As únicas questões estratégicas que importa discutir
Para acabar de vez com o blá-blá auto-iludido dos que pensam que as grandes iniciativas de combate contra o austeritarismo se reduzem a manifestações ou a greves de um só dia, e que ficam todos satisfeitos ao pensarem que «a rua é nossa» – quando os verdadeiros instrumentos de poder decisório continuam a ser “deles”.
Vamos partir do princípio de que concordamos com um caderno reivindicativo assente nas seguintes exigências:
– Auditoria integral da dívida pública, realizada por uma entidade politicamente credível e independente.
– Reestruturação da dívida pública, com base nos resultados dessa auditoria.
– Renegociação dos prazos e das condições de pagamento da dívida reestruturada.

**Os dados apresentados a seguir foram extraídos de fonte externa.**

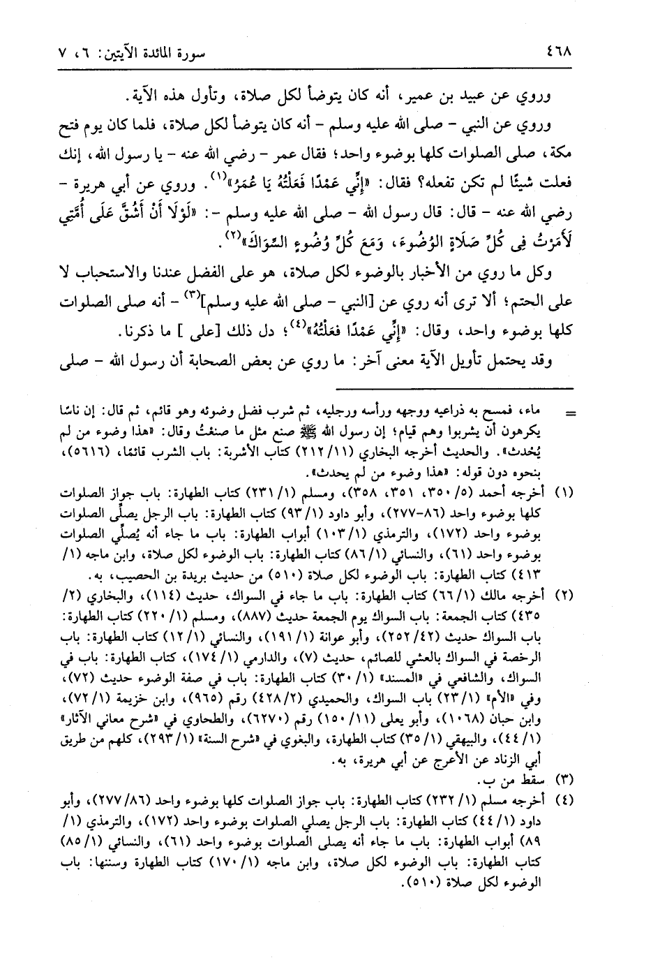 وروي عن النبي - صَلَّى اللَّهُ عَلَيهِ وَسَلَّمَ - أنه كان يتوضأ لكل صلاة، فلما كان يوم فتح مكة، صلى الصلوات كلها بوضوء واحد؛ فقال عمر - رَضِيَ اللَّهُ عَنْهُ - يا رسول اللَّه، إنك فعلت شيئا لم تكن تفعله؟ فقال: " إِني عَمدًا فَعَلْتُهُ يَا عُمَرُ ". وروي عن أبي هريرة - رَضِيَ اللَّهُ عَنْهُ - قال: قال رسول اللَّه - صَلَّى اللَّهُ عَلَيهِ وَسَلَّمَ -: " لَوْلَا أَنْ أَشُق عَلَى أمَّتي لَأَمَرتُ فِي كُل صَلَاة الوُضُوءَ، وَمَعَ كُلً وُضُوء السوَاكَ ".

Assim sendo, os partidos de esquerda, as direcções sindicais, os movimentos e as associações independentes deveriam passar a ser avaliados com base num critério muito simples: saber se estão ou não dispostos a equacionar uma destas questões (ou ambas):
-
Como forçar os actuais detentores do poder de Estado (governo, assembleia e presidência da República) a aceitar as exigências do referido caderno reivindicativo?
ou, numa alternativa mais radical:
-
Como conquistar o poder de Estado de modo a concretizar essas exigências?
Qualquer discussão intelectualmente honesta que se pretenda fazer sobre «acções de luta» terá de assentar na vontade de responder a estas questões. Os que nem sequer admitem colocá-las escusam de vir falar em lutar «a sério».
Tudo o que não seja pensar, em termos estratégicos e tácticos, com base nestas questões é, como dizem os brasileiros, conversa para boi dormir ou, como se diz cá no burgo, atirar poeira para os olhos das pessoas. Como se sabe, é isso mesmo que faz o João Pestana – Sandman, na versão anglo-saxónica. Trata-se de adormecer o pessoal com “tretas boé combativas”.
Da irracionalidade na política-que-temos
Ao invés de uma ideia que circula por aí, e que ainda hoje procuramos inculcar nas crianças, o ser humano não é um animal racional. Pelo contrário, a irracionalidade é o seu traço mais marcante, é a sua diferença específica.
Essa irracionalidade manifesta-se, entre muitos outros aspectos, pelo facto de que, confrontado com a necessidade de optar entre diversas alternativas para a resolução de um problema, uma boa parte dos humanos escolhe precisamente aquela que lhe é mais prejudicial, mesmo quando todas as evidências revelam ser esse o resultado previsível de uma tal escolha.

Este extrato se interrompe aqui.